When creating an API Endpoint, it is important to understand which business flow it exposes. Some business flows are more sensitive than others, in the sense that excessive access to them may harm the business.
Common examples of sensitive business flows and risk of excessive access associated with them:
- Purchasing a product flow - an attacker can buy all the stock of a high-demand item at once and resell for a higher price (scalping)
- Creating a comment/post flow - an attacker can spam the system
- Making a reservation - an attacker can reserve all the available time slots and prevent other users from using the system
The risk of excessive access might change between industries and businesses. For example - creation of posts by a script might be considered as a risk of spam by one social network, but encouraged by another social network.
An API Endpoint is vulnerable if it exposes a sensitive business flow, without appropriately restricting the access to it.
Example Attack Scenarios
Scenario #1
A technology company announces they are going to release a new gaming console on Thanksgiving. The product has a very high demand and the stock is limited. An attacker writes code to automatically buy the new product and complete the transaction.
On the release day, the attacker runs the code distributed across different IP addresses and locations. The API doesn't implement the appropriate protection and allows the attacker to buy the majority of the stock before other legitimate users.
Later on, the attacker sells the product on another platform for a much higher price.
Scenario #2
An airline company offers online ticket purchasing with no cancellation fee. A user with malicious intentions books 90% of the seats of a desired flight.
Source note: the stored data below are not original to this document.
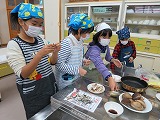 沖波きび加工組合から二人の先生をお招きして,きびだんごを作りました。残念ながら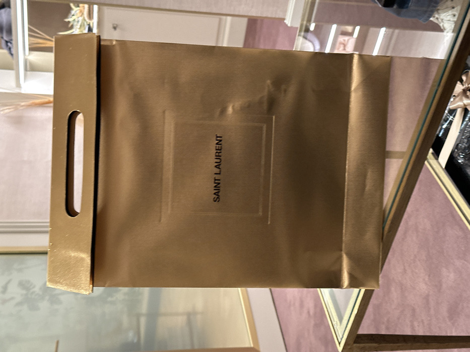 - "A gold-colored Saint Laurent shopping bag stands upright on a two-tiered glass and brass-toned metal display table" by FM-7S7sy2, licensed under CC BY 4.0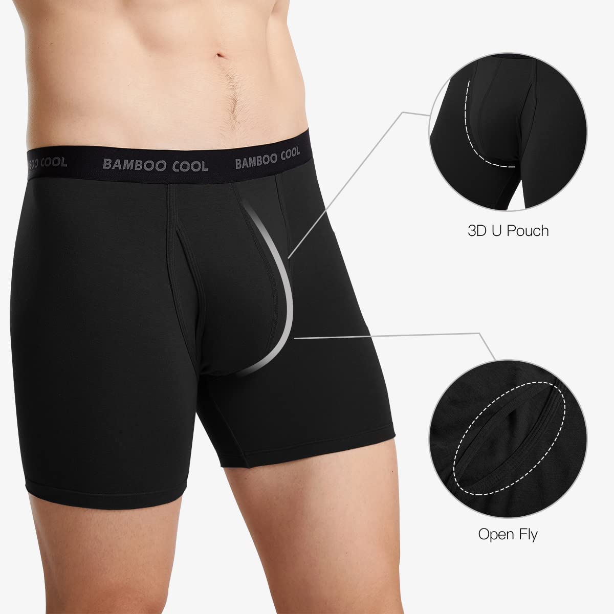 BAMBOO COOL Men's Underwear Boxer Briefs Pack Bamboo Viscose Soft Breathable Long Underwear Trunks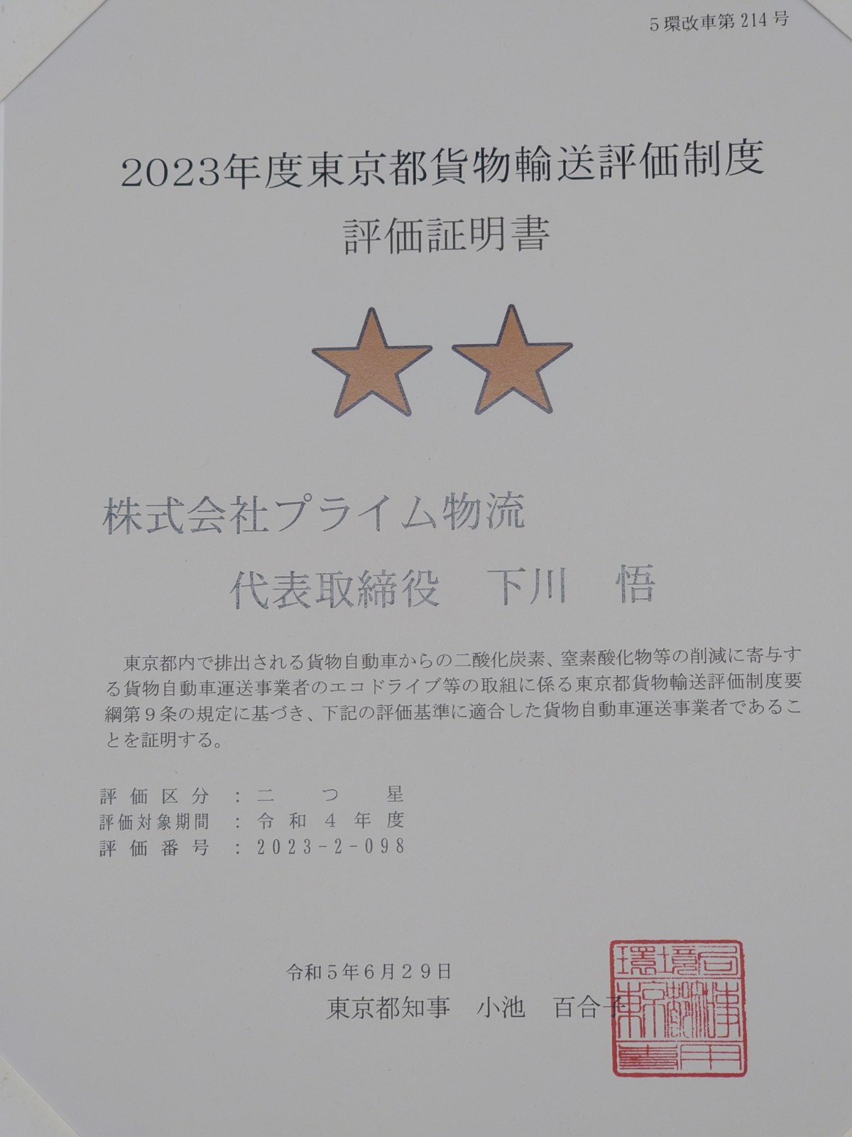 ■ 2023年度貨物輸送評価制度 評価証明書 1部

A few days before the flight the malicious user canceled all the tickets at once, which forced the airline to discount the ticket prices in order to fill the flight.
At this point, the user buys herself a single ticket that is much cheaper than the original one.
Scenario #3
A ride-sharing app provides a referral program - users can invite their friends and gain credit for each friend who has joined the app. This credit can be later used as cash to book rides.
An attacker exploits this flow by writing a script to automate the registration process, with each new user adding credit to the attacker's wallet.
The attacker can later enjoy free rides or sell the accounts with excessive credits for cash.
How To Prevent
The mitigation planning should be done in two layers:
- Business - identify the business flows that might harm the business if they are excessively used.
-
Engineering - choose the right protection mechanisms to mitigate the business risk.
Some of the protection mechanisms are more simple while others are more difficult to implement. The following methods are used to slow down automated threats:
- Device fingerprinting: denying service to unexpected client devices (e.g headless browsers) tends to make threat actors use more sophisticated solutions, thus more costly for them
- Human detection: using either captcha or more advanced biometric solutions (e.g. typing patterns)
- Non-human patterns: analyze the user flow to detect non-human patterns (e.g. the user accessed the "add to cart" and "complete purchase" functions in less than one second)
- Consider blocking IP addresses of Tor exit nodes and well-known proxies
Secure and limit access to APIs that are consumed directly by machines (such as developer and B2B APIs). They tend to be an easy target for attackers because they often don't implement all the required protection mechanisms.